Extracted records:
-------------------------

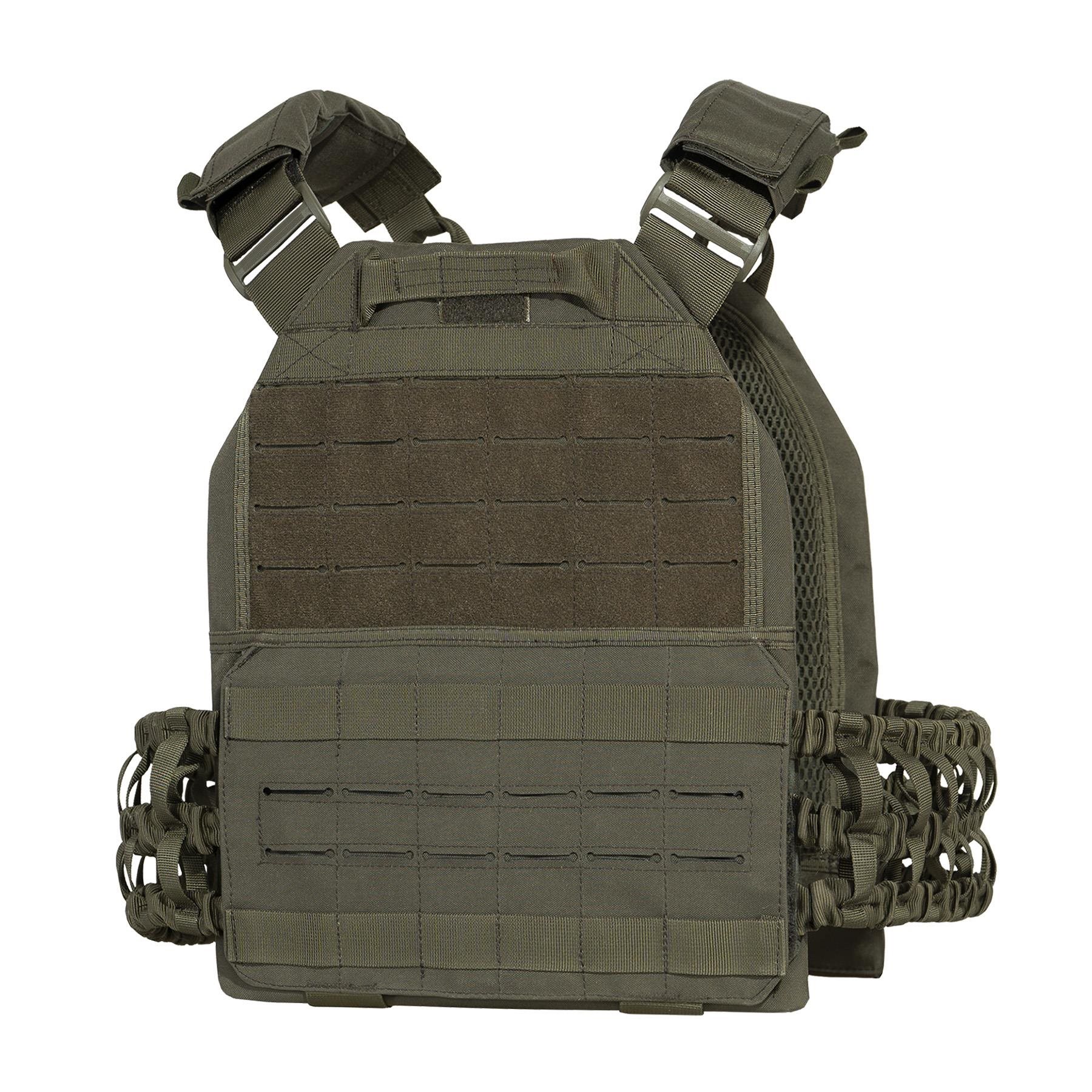 Porte-plaques de conception classique. La fermeture est assurée par des côtés à velcro et un rabat sur la poche avant pour la plaque. Les côtés sont élastiques et légers, tout en permettant la fixation de pochettes compatibles PALS/MOLLE. La poche avant pour plaque est équipée d'une combinaison de sangles classiques et découpées au laser, d'un panneau velcro pour les écussons et de plusieurs boucles verticales pour fixer, par exemple, le bouton PTT d'une radio. La poche arrière dispose également d'une couture classique et laser, combinée à du velcro et une poignée de transport. Les bretelles avec rembourrage amovible sont fixées à l'avant par un œillet en nylon qui sert d'articulation. L'angle des bretelles s'adapte ainsi plus facilement à la morphologie de chacun. Le gilet est conçu pour les plaques SAPI de niveau IV, la position des plaques dans les poches est fixée par une sangle. L'intérieur du support est doublé d'une maille 3D épaisse pour améliorer l'évacuation de la chaleur corporelle.
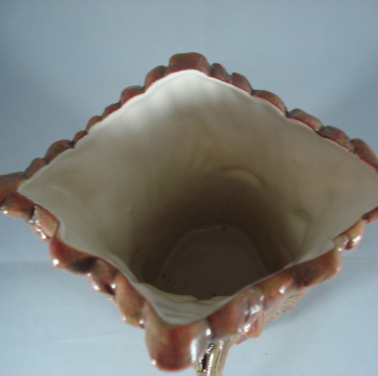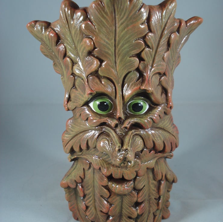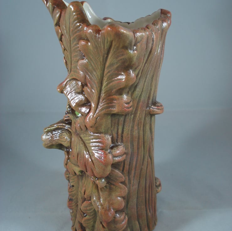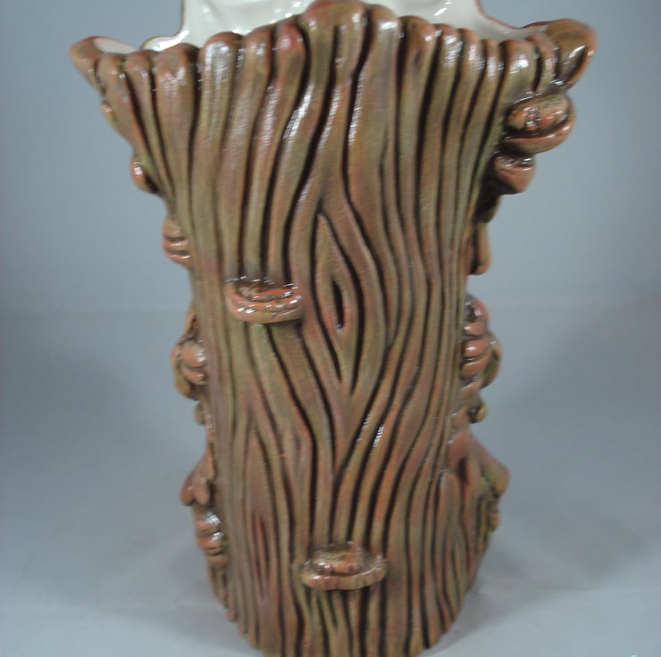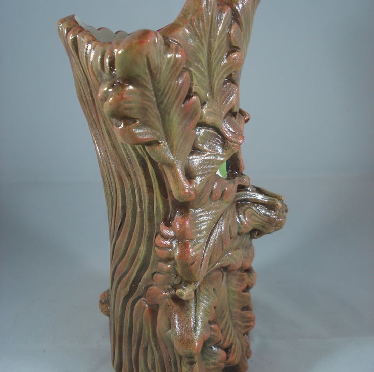 I have for sale a ceramic novelty vase, which was hand painted by myself. It looks like a tree trunk on the back of the vase, with leaves and a cute looking face on the front. This item has been clear glazed inside. This would make a lovely addition to anyone's home, or perhaps given as a gift.
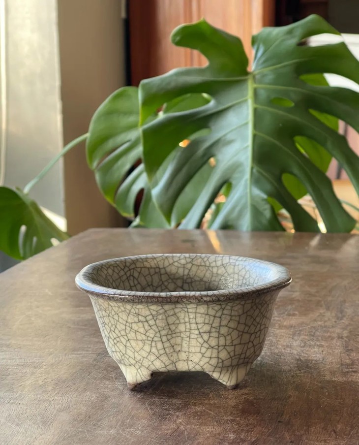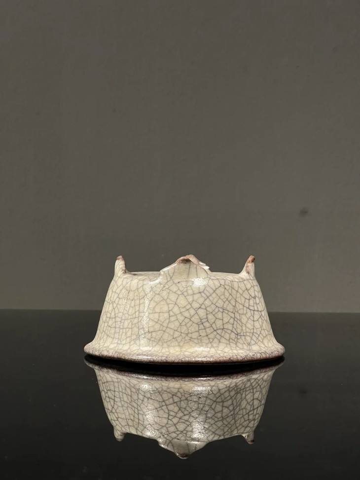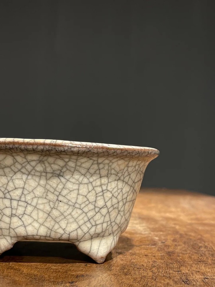 此哥窑灰青釉海棠形四足炉,应是仿古陶瓷佳作,当时此类仿宋代名瓷制作严谨,造型依循古器,釉色仿真极其到位,是当时古玩陶瓷作坊以窑址出土真品销售的高仿宋瓷,颇多欧美与日本藏家购买此类仿古宋瓷后,仍然自认为是真品珍藏至今。如此气质优雅的仿古褐胎哥窑灰青釉海棠形四足炉,不但是精美的案头摆设与实用的香炉外,也是高贵典雅,能够让宾客印象深刻之精美陶瓷藏品。
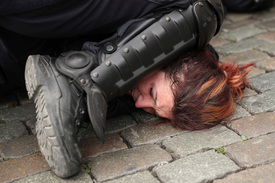 Ilse Van de Keere rendőrségi szóvivő arról számolt be a Le Soir című napilap cikke szerint, hogy a társadalmi igazságtalanság elleni tiltakozáson többen kövekkel kezdték dobálni a rendfenntartókat, illetve a környező épületeket és utcabútorokat.
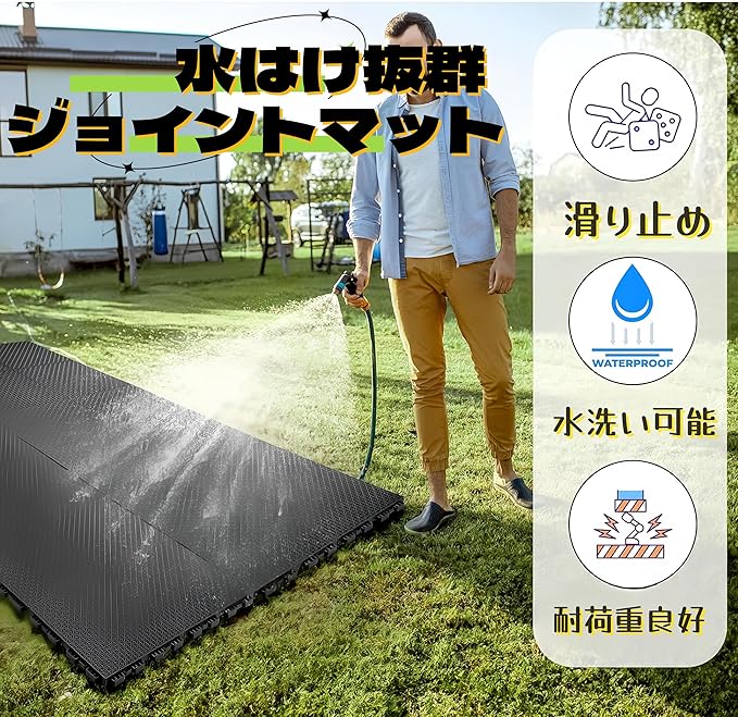 水はけマット ベランダ 屋外 タイル 滑り止め フリーカット可能 水はけ ジョイントマット 玄関 バルコニー テラス 学校 通路 洗える はめ込み式 工具不要 軽量 耐候性 ブラック
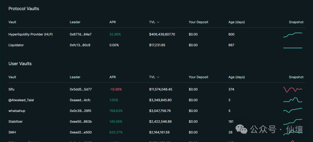 如今市场热度有所下降,但Hyperliquid Vaults的TVL仍维持在数亿美元,已完成了冷启动,其中某些Vault的APR甚至达到近9000%,颇具造富效应。不过有一个问题需要注意。对于如何保证存入金库资金的安全性,目前官方似乎没有披露相关信息,存在一定隐患。
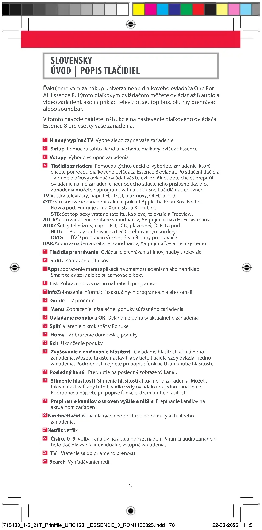 Search Vyhľadávanie médií 713430_1-3_21T_Printfile_URC1281_ESSENCE_8_RDN1150323.indd 70713430_1-3_21T_Printfile_URC1281_ESSENCE_8_RDN1150323.indd 70 22-03-2023 11:5122-03-2023 11:5171 Diaľkový ovládač Essence 8 je prednastavený na okamžité ovládanie vybraných najpopulárnejších zariadení. Ak vlastníte jedno z nasledujú
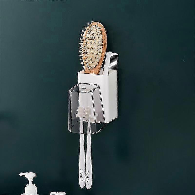 Toothbrush Organizer with Toothpaste Squeezer and Cup for Bathroom Wall Mount Storage Solution
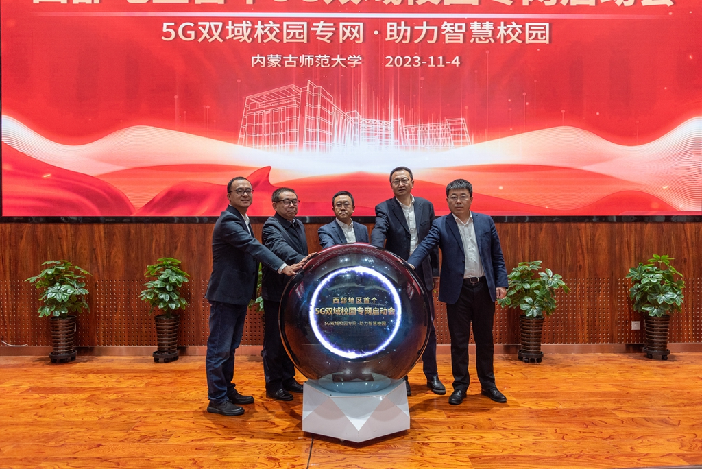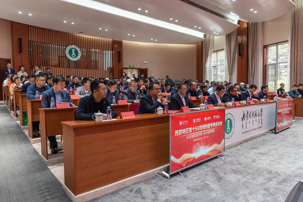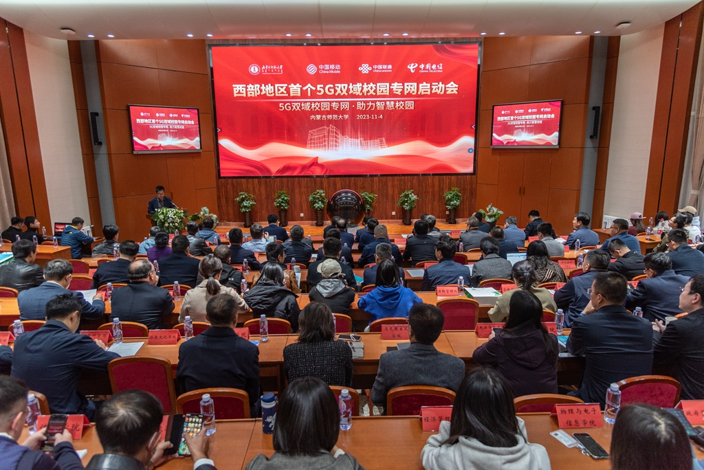 本网讯 11月4日上午,“2026世界杯官网5G双域校园专网”启动会在赛罕校区信息楼学术报告厅召开。自治区教育厅科技与信息化处副处长傅聿韬,中国移动通信集团内蒙古有限公司副总经理韩伟,中国联合网络通信有限公司内蒙古分公司副总经理韩敏,中国电信股份有限公司内蒙古分公司副总经理孙宝宏,北京派网软件有限公司教育医疗事业部总监赵奇峰,世界杯官网党委委员、副校长斯钦出席会议。内蒙古大学、内蒙古工业大学、内蒙古农业大学等兄弟院校及世界杯官网各部门、学院有关负责同志、师生代表100余人参加会议。

-------------------------

**REQUIRED WORK**
Every line of the data should be transcribed exactly. Omit the images.

**RESPONSE TO THE TASK**
 Porte-plaques de conception classique. La fermeture est assurée par des côtés à velcro et un rabat sur la poche avant pour la plaque. Les côtés sont élastiques et légers, tout en permettant la fixation de pochettes compatibles PALS/MOLLE. La poche avant pour plaque est équipée d'une combinaison de sangles classiques et découpées au laser, d'un panneau velcro pour les écussons et de plusieurs boucles verticales pour fixer, par exemple, le bouton PTT d'une radio. La poche arrière dispose également d'une couture classique et laser, combinée à du velcro et une poignée de transport. Les bretelles avec rembourrage amovible sont fixées à l'avant par un œillet en nylon qui sert d'articulation. L'angle des bretelles s'adapte ainsi plus facilement à la morphologie de chacun. Le gilet est conçu pour les plaques SAPI de niveau IV, la position des plaques dans les poches est fixée par une sangle. L'intérieur du support est doublé d'une maille 3D épaisse pour améliorer l'évacuation de la chaleur corporelle.
 I have for sale a ceramic novelty vase, which was hand painted by myself. It looks like a tree trunk on the back of the vase, with leaves and a cute looking face on the front. This item has been clear glazed inside. This would make a lovely addition to anyone's home, or perhaps given as a gift.
 此哥窑灰青釉海棠形四足炉,应是仿古陶瓷佳作,当时此类仿宋代名瓷制作严谨,造型依循古器,釉色仿真极其到位,是当时古玩陶瓷作坊以窑址出土真品销售的高仿宋瓷,颇多欧美与日本藏家购买此类仿古宋瓷后,仍然自认为是真品珍藏至今。如此气质优雅的仿古褐胎哥窑灰青釉海棠形四足炉,不但是精美的案头摆设与实用的香炉外,也是高贵典雅,能够让宾客印象深刻之精美陶瓷藏品。
 Ilse Van de Keere rendőrségi szóvivő arról számolt be a Le Soir című napilap cikke szerint, hogy a társadalmi igazságtalanság elleni tiltakozáson többen kövekkel kezdték dobálni a rendfenntartókat, illetve a környező épületeket és utcabútorokat.
 水はけマット ベランダ 屋外 タイル 滑り止め フリーカット可能 水はけ ジョイントマット 玄関 バルコニー テラス 学校 通路 洗える はめ込み式 工具不要 軽量 耐候性 ブラック
 如今市场热度有所下降,但Hyperliquid Vaults的TVL仍维持在数亿美元,已完成了冷启动,其中某些Vault的APR甚至达到近9000%,颇具造富效应。不过有一个问题需要注意。对于如何保证存入金库资金的安全性,目前官方似乎没有披露相关信息,存在一定隐患。
 Search Vyhľadávanie médií 713430_1-3_21T_Printfile_URC1281_ESSENCE_8_RDN1150323.indd 70713430_1-3_21T_Printfile_URC1281_ESSENCE_8_RDN1150323.indd 70 22-03-2023 11:5122-03-2023 11:5171 Diaľkový ovládač Essence 8 je prednastavený na okamžité ovládanie vybraných najpopulárnejších zariadení. Ak vlastníte jedno z nasledujú
 Toothbrush Organizer with Toothpaste Squeezer and Cup for Bathroom Wall Mount Storage Solution
 本网讯 11月4日上午,“2026世界杯官网5G双域校园专网”启动会在赛罕校区信息楼学术报告厅召开。自治区教育厅科技与信息化处副处长傅聿韬,中国移动通信集团内蒙古有限公司副总经理韩伟,中国联合网络通信有限公司内蒙古分公司副总经理韩敏,中国电信股份有限公司内蒙古分公司副总经理孙宝宏,北京派网软件有限公司教育医疗事业部总监赵奇峰,世界杯官网党委委员、副校长斯钦出席会议。内蒙古大学、内蒙古工业大学、内蒙古农业大学等兄弟院校及世界杯官网各部门、学院有关负责同志、师生代表100余人参加会议。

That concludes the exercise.